Calibration Set-up for Reference Radiosondes Meeting GRUAN Requirements

Abstract

Accurate and reliable weather observations are necessary for transport, industry and everyday living. Along with ground observations upper air observations provide data for forecasts and for climate change studies However, the quality of upper air measurements does not yet fulfil the requirements of climatologists [1] but improved methods and procedures are needed. To enhance the quality Global Climate Observing System (GCOS) has established GCOS Reference Upper-Air Network (GRUAN) comprising about 40 stations that will provide reference observation data for the global radiosonde station network. GRUAN has specified targets and their priority for measurements of all important parameters at upper troposphere and lower stratosphere [2]. Water vapour pressure is one of the first priority parameters with the uncertainty requirement of 2 % in terms of mixing ratio at the measuring range from 0.1 to 90000 ppm [3]. In order to meet the water vapour accuracy requirements set by GRUAN traceable calibrations for radiosondes are needed.

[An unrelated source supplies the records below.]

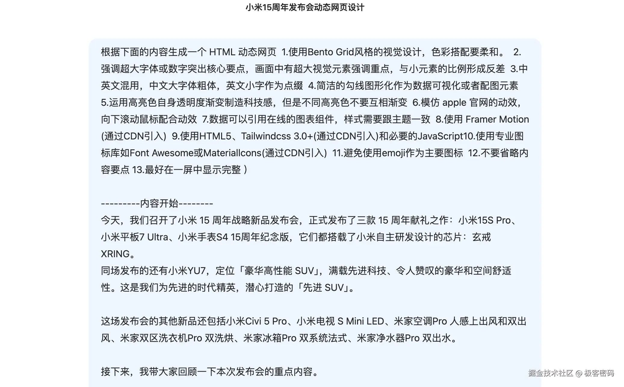 将雷军公众号当日万字长文作为输入素材
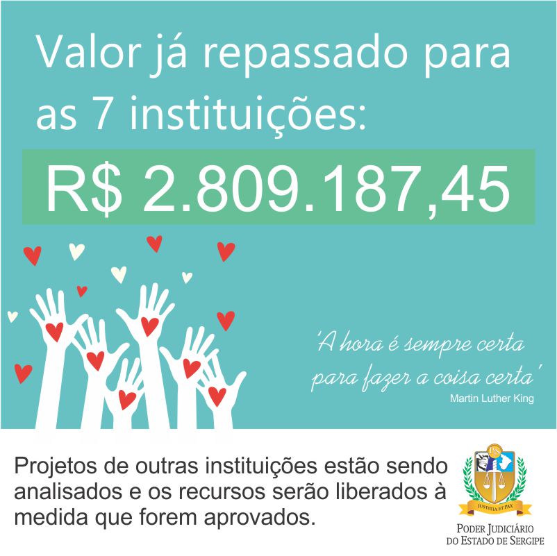 Desde o dia 31 de março, o TJSE já destinou R$ 2.809.187,45 para o combate ao coronavírus. Ao todo, o TJSE prevê a liberação de cerca de R$ 4 milhões provenientes de penas pecuniárias. Todas instituições inscreveram, junto ao TJSE, projetos para receber as verbas, com base no Edital 01/2020 da Corregedoria Geral da Justiça, que dispôs sobre o credenciamento prévio de entidades públicas ou privadas com finalidade adoção de medidas preventivas ao Covid-19.
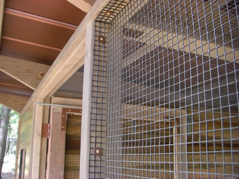 Here you can also see the 1/2" x 1/2" black coated hardware cloth which I used to secure the run. I used old copper pennies and brass screws to attach the wire, giving it a 'buttoned' look. The best deal I could find for this type of hardware cloth was from Academy Fence.
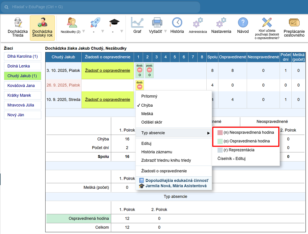 2. Je potrebné mať vyriešenú absenciu , teda hodinu označiť ako ospravedlnenú alebo neospravedlnenú .
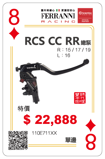 這款全新的RCS corsa corta RR離合器主缸專為廣受歡迎的高性能摩托車而開發,擁有16mm的浮動活塞直徑,以改善對高功率引擎的操作感和使用力道。
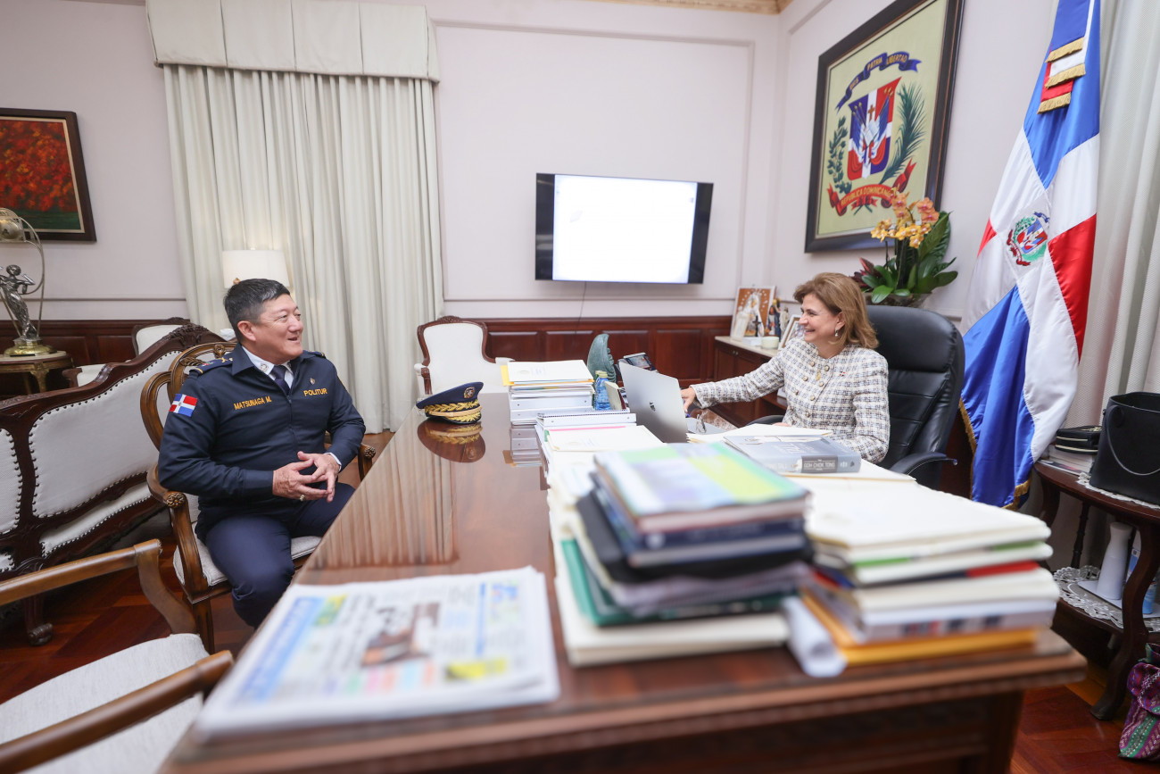 La vicepresidenta Raquel Peña recibió la visita de cortesía del general Minoru Matsunaga, P. N., director de la Dirección Central de Policía de Turismo. En este encuentro, dialogaron sobre temas de interés común. Santo Domingo, República Dominicana. 16 de Julio del 2024. VP/ Félix Hirujo
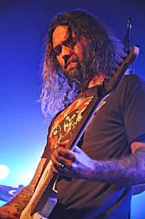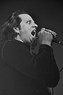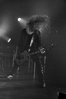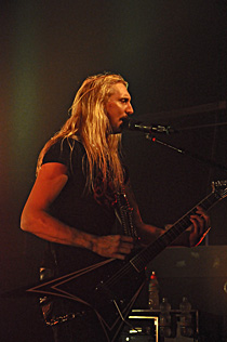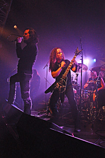 Then after another very short rebuilding break, the only non-Swedes in this evening, VICIOUS RUMORS, appeared on the stage. Actually, the band RIOT was supposed to be the third band, but they had cancelled for logistic reasons and therefore VICIOUS RUMORS got the chance to finish now the complete tour with HAMMERFALL. VICIOUS RUMORS consists currently of singer Brian Allen (whose resemblance to the Bavarian king Ludwig II might have struck to every visitor there), Geoff Thorpe (E-guitar), Stephen Goodwin (E-bass), drummer Larry Howe and, instead of Kiyoshi Morgan, the former guitarist Thaen Rasmussen. The audience liked the show of VICIOUS RUMORS very much. Brian Allen also insisted on a round crowd surfing. Their appearance offered a diverse mixture of older songs as for example 'Digital Dictator' and also quite new songs as for example 'Murderball'. After 45 minutes, the band said goodbye under blustering applause and cleared the stage for the headliner of this evening.

Due to a short lifetime and a high calibration cost comparing to price of a sonde GRUAN aims to ensure radiosondes stability, traceability and uniformity by standards [4]. Regardless of that GRUAN requires calibration and traceability to SI for each radiosonde in order to be accepted to GRUAN [4]. This work presents a new apparatus for reference radiosonde calibrations meeting the GRUAN uncertainty requirements. The apparatus was designed to meet the requirements and still to be quick enough for practical calibration use. Applying a hybrid humidity generator method [5] with two saturators, the high accuracy of a single pressure generator and the short stabilisation time of a flow mixing generator are achieved in a single apparatus. The operation range covers dew-point temperatures from 183 K to 283 K and air temperatures from 183 K to 293 K. This paper presents the design of the apparatus with a preliminary uncertainty analysis.